__WHAT YOU ARE ASKED TO DO__
Nothing in the entries may change when you repeat them, and no images may appear.

__PROVIDED RECORDS__
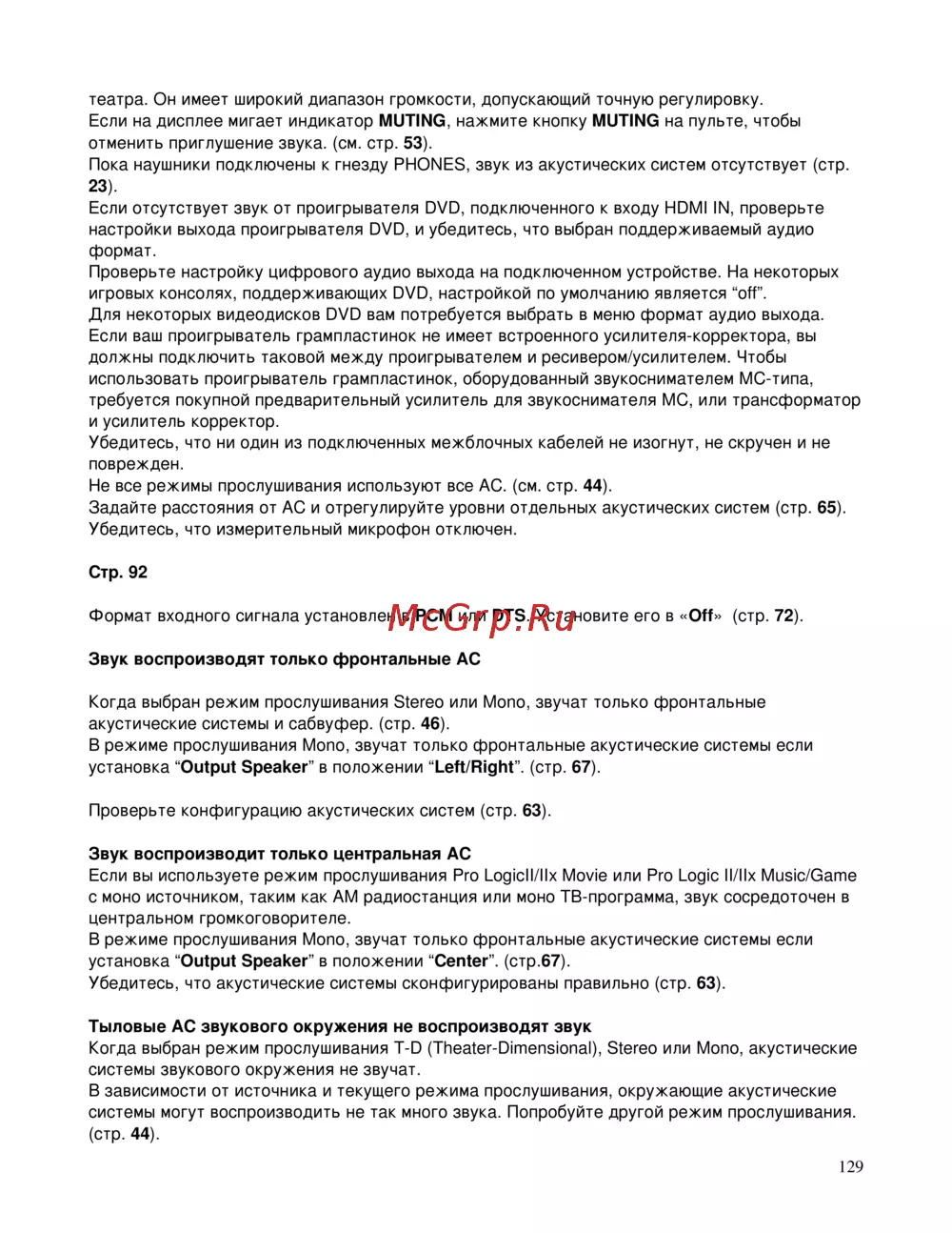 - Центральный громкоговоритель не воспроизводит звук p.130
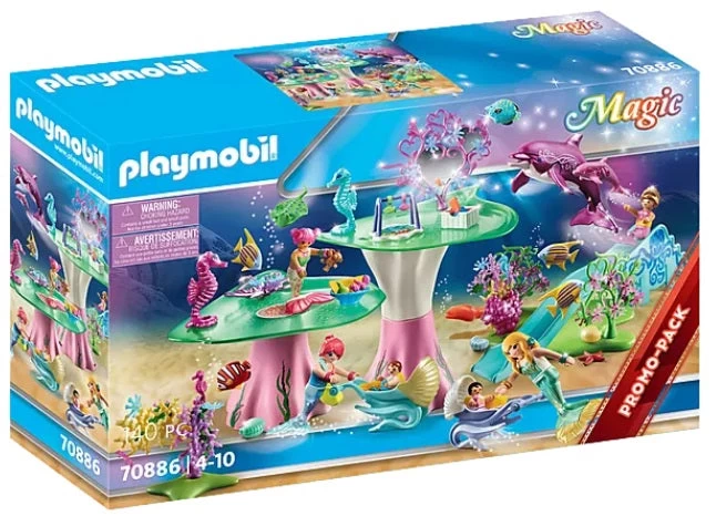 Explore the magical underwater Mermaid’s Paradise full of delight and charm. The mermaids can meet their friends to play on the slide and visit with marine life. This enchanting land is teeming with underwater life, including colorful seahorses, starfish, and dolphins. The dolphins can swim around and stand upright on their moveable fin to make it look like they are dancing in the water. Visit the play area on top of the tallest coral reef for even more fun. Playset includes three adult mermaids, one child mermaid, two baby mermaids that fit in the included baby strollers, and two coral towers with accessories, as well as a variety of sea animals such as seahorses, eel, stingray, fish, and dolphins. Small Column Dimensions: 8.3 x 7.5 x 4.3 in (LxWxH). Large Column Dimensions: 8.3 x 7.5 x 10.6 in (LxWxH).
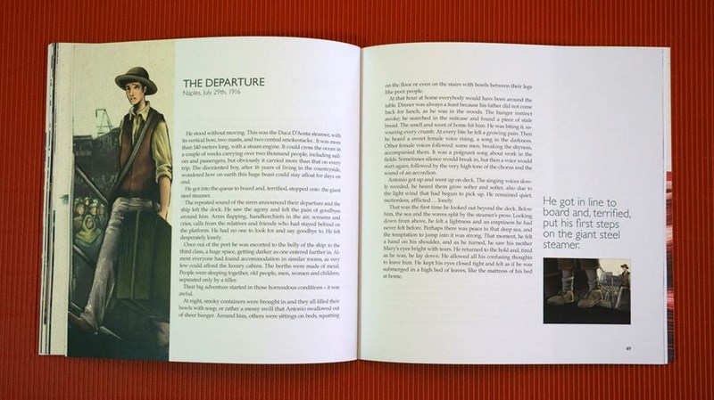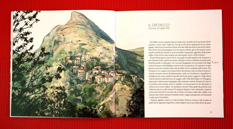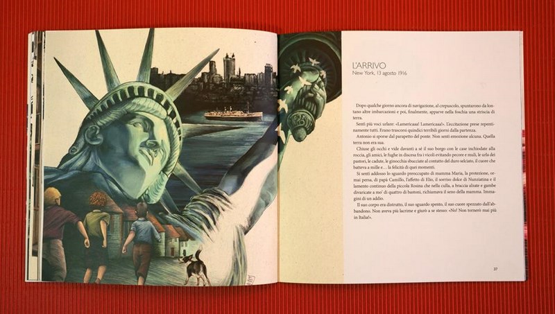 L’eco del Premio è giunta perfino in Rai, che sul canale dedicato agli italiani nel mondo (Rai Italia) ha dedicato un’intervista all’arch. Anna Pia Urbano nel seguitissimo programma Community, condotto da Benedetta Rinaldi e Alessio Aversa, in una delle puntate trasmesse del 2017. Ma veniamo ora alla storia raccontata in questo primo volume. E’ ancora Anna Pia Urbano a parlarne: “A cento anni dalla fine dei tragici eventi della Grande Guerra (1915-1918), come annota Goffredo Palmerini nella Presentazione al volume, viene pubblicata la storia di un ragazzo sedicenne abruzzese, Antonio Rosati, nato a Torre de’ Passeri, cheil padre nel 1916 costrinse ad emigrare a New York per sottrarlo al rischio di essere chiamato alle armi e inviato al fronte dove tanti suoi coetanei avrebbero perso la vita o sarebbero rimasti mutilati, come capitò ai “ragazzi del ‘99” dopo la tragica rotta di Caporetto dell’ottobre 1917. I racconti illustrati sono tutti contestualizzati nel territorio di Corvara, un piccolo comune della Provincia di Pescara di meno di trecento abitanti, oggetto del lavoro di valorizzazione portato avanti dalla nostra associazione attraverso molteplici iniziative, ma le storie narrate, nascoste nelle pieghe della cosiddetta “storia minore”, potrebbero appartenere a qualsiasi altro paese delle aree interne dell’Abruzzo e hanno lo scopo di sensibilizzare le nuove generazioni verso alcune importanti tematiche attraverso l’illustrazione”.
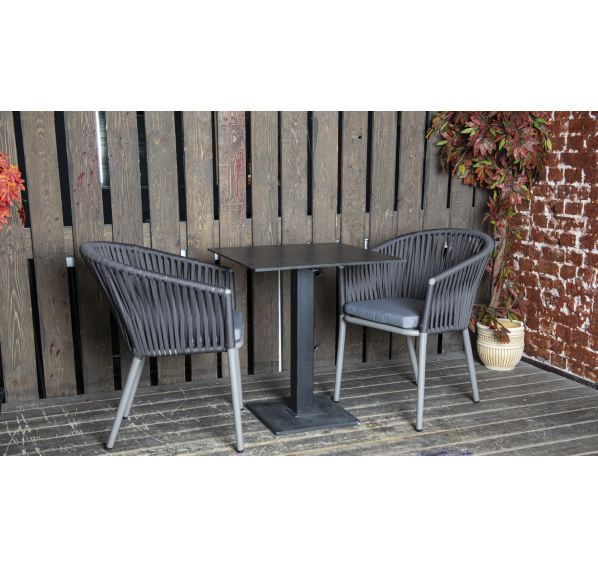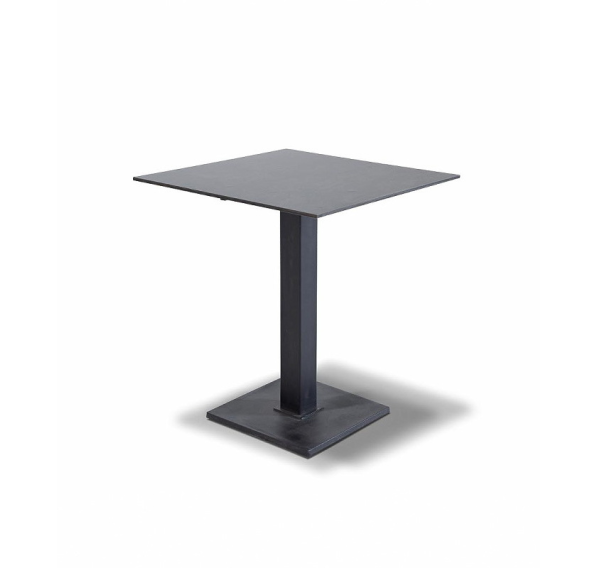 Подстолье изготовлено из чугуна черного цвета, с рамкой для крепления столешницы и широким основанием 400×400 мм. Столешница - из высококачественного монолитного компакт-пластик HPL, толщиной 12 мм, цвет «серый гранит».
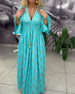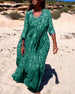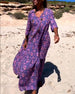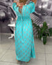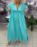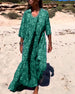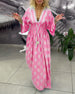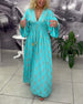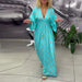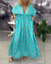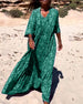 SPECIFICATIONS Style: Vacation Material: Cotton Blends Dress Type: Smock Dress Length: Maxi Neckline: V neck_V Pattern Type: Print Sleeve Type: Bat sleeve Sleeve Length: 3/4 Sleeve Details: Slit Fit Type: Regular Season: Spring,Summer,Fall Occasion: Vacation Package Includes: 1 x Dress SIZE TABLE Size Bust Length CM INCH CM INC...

__ANSWER FOR THE TASK__
 - Центральный громкоговоритель не воспроизводит звук p.130
 Explore the magical underwater Mermaid’s Paradise full of delight and charm. The mermaids can meet their friends to play on the slide and visit with marine life. This enchanting land is teeming with underwater life, including colorful seahorses, starfish, and dolphins. The dolphins can swim around and stand upright on their moveable fin to make it look like they are dancing in the water. Visit the play area on top of the tallest coral reef for even more fun. Playset includes three adult mermaids, one child mermaid, two baby mermaids that fit in the included baby strollers, and two coral towers with accessories, as well as a variety of sea animals such as seahorses, eel, stingray, fish, and dolphins. Small Column Dimensions: 8.3 x 7.5 x 4.3 in (LxWxH). Large Column Dimensions: 8.3 x 7.5 x 10.6 in (LxWxH).
 L’eco del Premio è giunta perfino in Rai, che sul canale dedicato agli italiani nel mondo (Rai Italia) ha dedicato un’intervista all’arch. Anna Pia Urbano nel seguitissimo programma Community, condotto da Benedetta Rinaldi e Alessio Aversa, in una delle puntate trasmesse del 2017. Ma veniamo ora alla storia raccontata in questo primo volume. E’ ancora Anna Pia Urbano a parlarne: “A cento anni dalla fine dei tragici eventi della Grande Guerra (1915-1918), come annota Goffredo Palmerini nella Presentazione al volume, viene pubblicata la storia di un ragazzo sedicenne abruzzese, Antonio Rosati, nato a Torre de’ Passeri, cheil padre nel 1916 costrinse ad emigrare a New York per sottrarlo al rischio di essere chiamato alle armi e inviato al fronte dove tanti suoi coetanei avrebbero perso la vita o sarebbero rimasti mutilati, come capitò ai “ragazzi del ‘99” dopo la tragica rotta di Caporetto dell’ottobre 1917. I racconti illustrati sono tutti contestualizzati nel territorio di Corvara, un piccolo comune della Provincia di Pescara di meno di trecento abitanti, oggetto del lavoro di valorizzazione portato avanti dalla nostra associazione attraverso molteplici iniziative, ma le storie narrate, nascoste nelle pieghe della cosiddetta “storia minore”, potrebbero appartenere a qualsiasi altro paese delle aree interne dell’Abruzzo e hanno lo scopo di sensibilizzare le nuove generazioni verso alcune importanti tematiche attraverso l’illustrazione”.
 Подстолье изготовлено из чугуна черного цвета, с рамкой для крепления столешницы и широким основанием 400×400 мм. Столешница - из высококачественного монолитного компакт-пластик HPL, толщиной 12 мм, цвет «серый гранит».
 SPECIFICATIONS Style: Vacation Material: Cotton Blends Dress Type: Smock Dress Length: Maxi Neckline: V neck_V Pattern Type: Print Sleeve Type: Bat sleeve Sleeve Length: 3/4 Sleeve Details: Slit Fit Type: Regular Season: Spring,Summer,Fall Occasion: Vacation Package Includes: 1 x Dress SIZE TABLE Size Bust Length CM INCH CM INC...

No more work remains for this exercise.